Monday, January 25, 2010

I am sitting here watching Georgia busy playing. She pushed herself in her walker over to the entry where she found my purse on a low shelf. She is pulling items out, one by one, and examining each thing like it is the most extraordinary thing that she has ever seen. Its moments like this when you realize how life is just one big discovery for a baby. Everything is new.

She has just found a chapstick. She twisted it around and was a bit surprised when the top half, the cover, came off in her hand. She peered inside the top and then stuck her finger in there. Then she looked in the bottom and saw that there was something inside. She has taken her finger and poked it in, pulled her finger out to examine it, and now has stuck her finger in her mouth, to taste whatever she found. She smacks her lips, turns the tube around one more time to see all the writing. Bangs it on the tray a few times and then checks back inside the tube to see if anything falls out. She puts the whole tube in her mouth once, pulls it out, and looks at it very closely again. Finally, she tosses it on the floor and reaches in my bag for another item.

You try to put yourself in the place of a baby. Imagine finding a bag full of fascinating objects, things that you had never seen in your entire life. You had no idea what purpose they serve. I try to imagine how exciting it would be to touch these things and wonder about them.

After having a baby around for awhile, you stop noticing how every day is something new. But moments like this are magic, when it is quiet enough and calm enough that I can appreciate and even participate a bit in her giant Discovery of Life. Its really fuzzy and just barely flitting around the edges of my memory, but if I try hard enough, I can almost remember that feeling. Being little and being mesmerized by something New.

I remember being about 8 months old and being left alone on the floor near the cupboards at my Grandfather's house, the cupboards without the old-fashioned latches, the ones that had a button you had to press to pop the latch. They were shiny metal and worn smooth from years of use. They made a nice 'thunk' sound when the latch popped. I remember sitting there and being totally absorbed, touching the latch and trying to open it myself.

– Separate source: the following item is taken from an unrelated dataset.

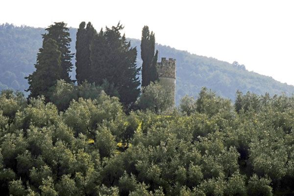 Senza alcuna indicazione, ma ben visibile a poca distanza dal castello omonimo, su per una strada sterrata, raggiungiamo la vetta del colle su cui possiamo riconoscere, in quel che resta, la struttura circolare di una torre con al posto della calotta su cui si muovono le pale, un groviglio secco, per la recente stagione calda e asciutta, di rampicanti intrecciati tra loro. Accedere non è il caso nonostante la sua porta sia spalancata e aperta ad eventuali visitatori, ma si rischiano crolli nella struttura che appare molto malandata e in completo abbandono. Non si hanno notizie certe sulla data di questo vecchio mulino, ma se ne conosce la struttura grazie ad una descrizione che ne fece nel 2001 Carla Romby, riportata nel libro di Baldini e Casprini* insieme a quella della propria visita: due gli ambienti, quello delle macine al piano terra e quello del magazzino situato al piano superiore cui si accedeva per una scala elicolidale in pietra serena. I pavimenti sono in quadroni di cotto sia al pino terra che al piano superiore. Ci consoliamo con la vista che da qui si gode del castello sul poggio dirimpettaio e di tutta la bella campagna circostante coltivata a olivi, un vanto di cui la Toscana va famosa nel mondo.
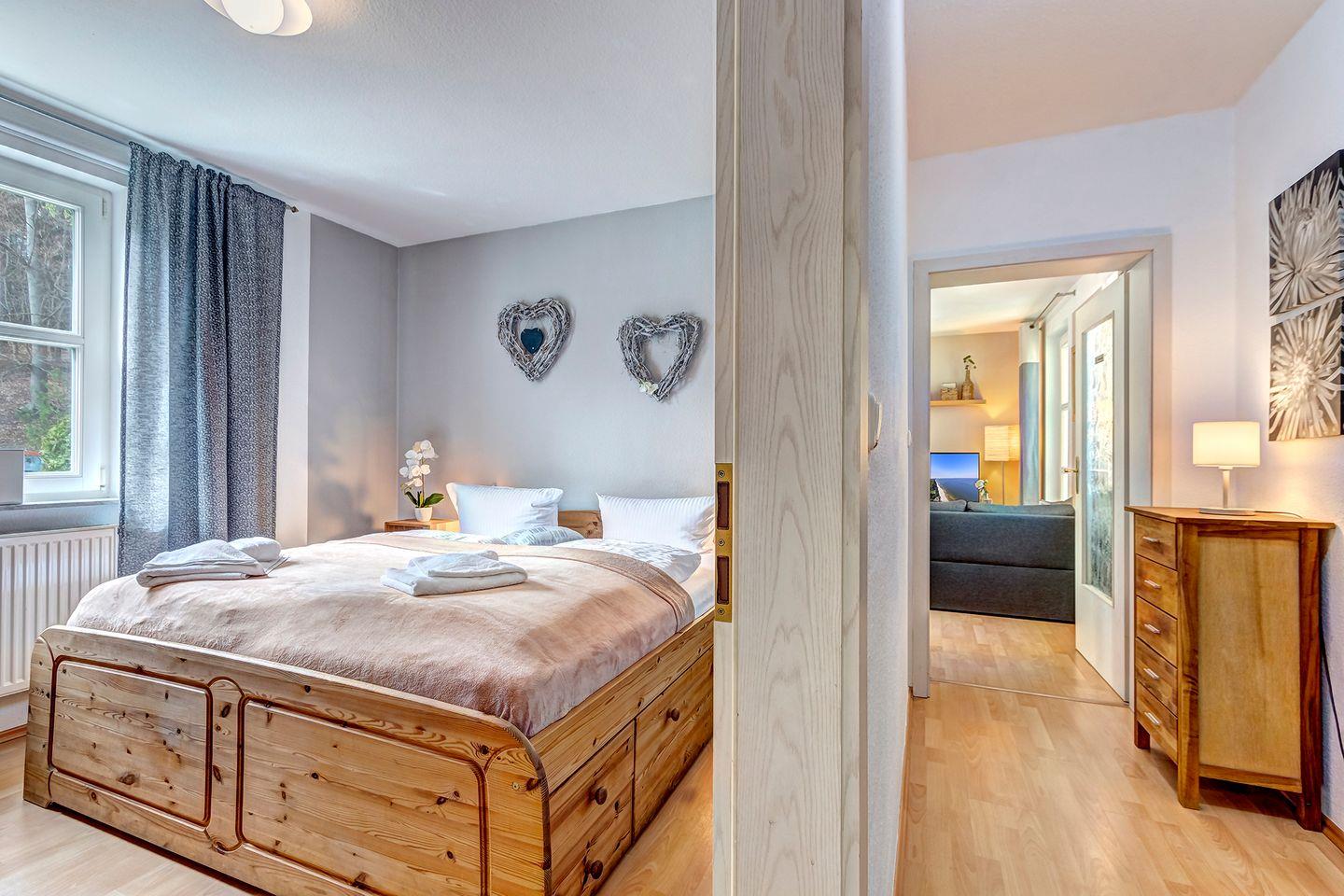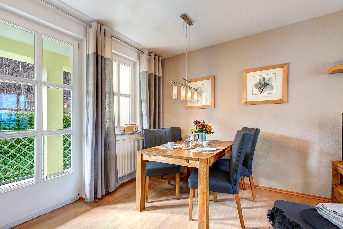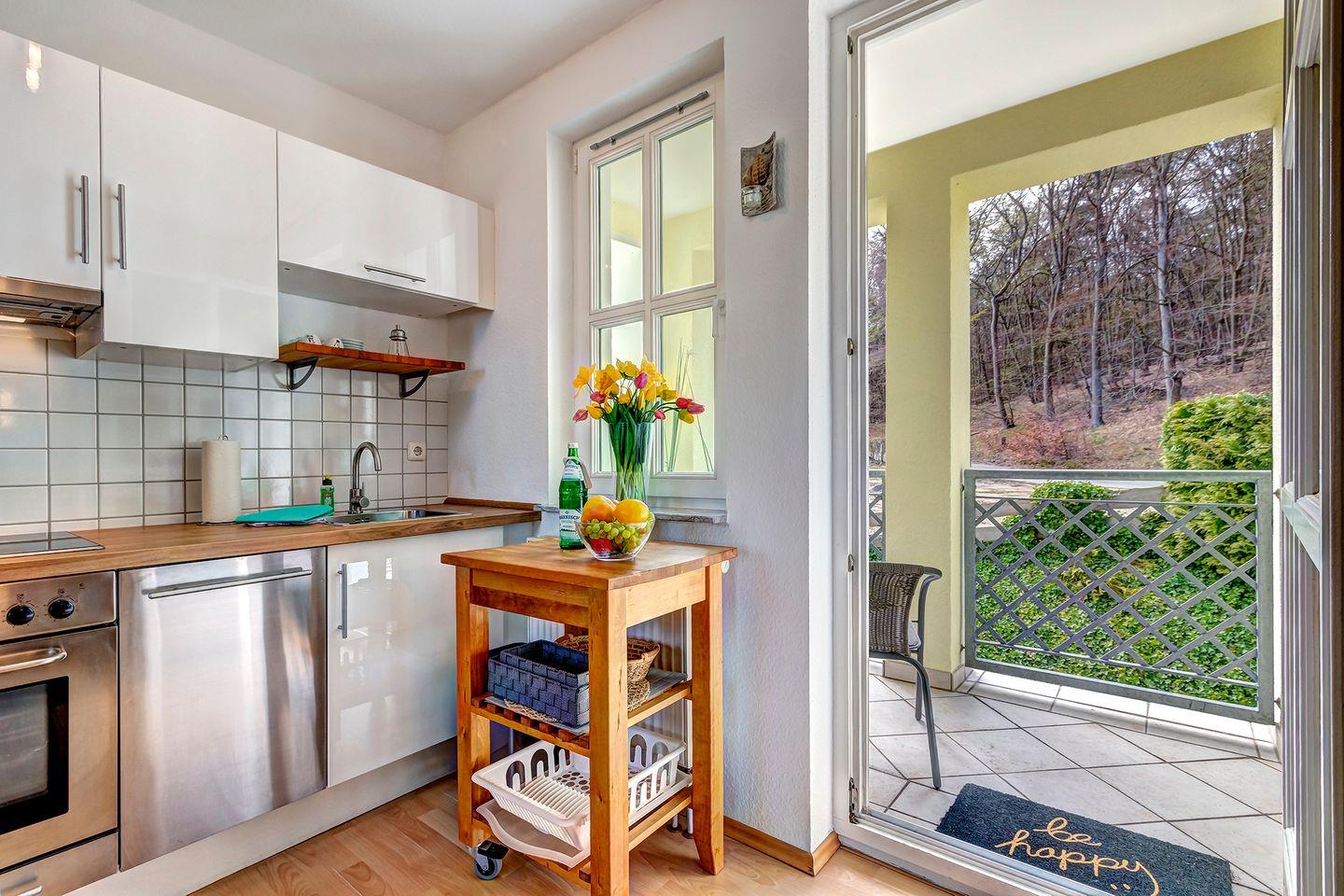 Diese im 1 Stock der Wohnanlage gelegene 2 Zimmer Wohnung hat eine absolut seltene Besonderheit. Durch die Architektur des Gebäudes verfügt das Wohnzimmer über eine Fensterfront mit einem kleinen Balkon in Nordrichtung (Ostsee) wie auch gleichzeitig über eine Fensterfront und einen großen Balkon in südlicher Ausrichtung (Sonnenseite).Die Einrichtung mit eleganten und hochwertigen Möbeln, einer komplett ausgestatteten Einbauküche lässt keine Urlaubswünsche an ein modernes Ferienappartement offen.

It makes me think about other memories from when I was really really young, and how they seem so disconnected. But maybe that is what a baby's mind is like- totally absorbed in one object or task and then an adult comes and scoops you up, and suddenly you find yourself somewhere else entirely, being handed some other object, and suddenly you are completely absorbed in this new item that has appeared. Sometimes when I see items that my mom had when I was a baby, I have strangly strong reactions. I glimpse a blanket in a stack on the shelf and I remember laying on the blanket and examining it, the way the yarn ties curl up and fuzz at the corner of each of the patchworks. I see a picture hanging at the end of the hall and I feel the ridges of its frame, bumping under my nails. I put Georgia in her pyjamas and, as I stand in my childhood bedroom with the pale green carpetting, I can feel my feet sweating against the rubbery bottoms of my footy pyjamas, the blue ones with the white plastic feet that matched my sister's red ones. I wander through the toy section trying to find Christmas presents for the girls, and the chemical smell of all the plastic reminds me of the gritty feel of the yellow plastic on the play shopping cart that I received for Christmas when I was two.

Its funny how these memories flash into my head, surprising me and at the same time feeling worn smooth, as if they had been touched every day for years. It makes my stomach tense up with excitement, thinking of all the other memories that must be lingering around the corner, just waiting for the right signal to jump out and say, 'Here I am.'

It makes me look at the girls every day and think, 'Will they remember this? How about this?' Which events from today are the ones that they will turn over and over again in their head as they fall to sleep, the ones that will come back to them when they are grown up and remembering. As I paste the pictures in their photo albums, I wonder if the photos will jog memories and they will remember how that day smelled. Or how the cake batter felt sticky on their faces. Or how the cold air pinched the insides of their noses.

And what I often ask myself is, why do I spend so much time printing out photos and carefully pasting them in the albums? Why is it so important to me to try and pin down all these moments, especially when I am constantly being impressed by how intense my childhood memories come back to me? Maybe its just the randomness of memory that worries me. It feels like I have no control over what disappears and what sticks. Maybe that is what the albums are for. Like this, I remember the girls' childhood exactly as I want to. I choose the pictures. I write the captions. The universe doesn't get to decide which day gets lost and which moment will haunt me.

Will it work?

1 comment:

M said...

My daughter is only 7 weeks old, and it's so amazing to watch a new human being become acquainted with the world. She's just starting to be able to see farther than a few feet, and each morning we snuggle in bed and watch the sun rise. She's totally taken by the orange glow of light that comes in through the slats of the blinds and casts itself on the floor. Each day she watches it wide-eyed like it's some kind of brilliant miracle. Which, of course, it is. And I watch her take it in like she's some kind of miracle. Which, of course, she is.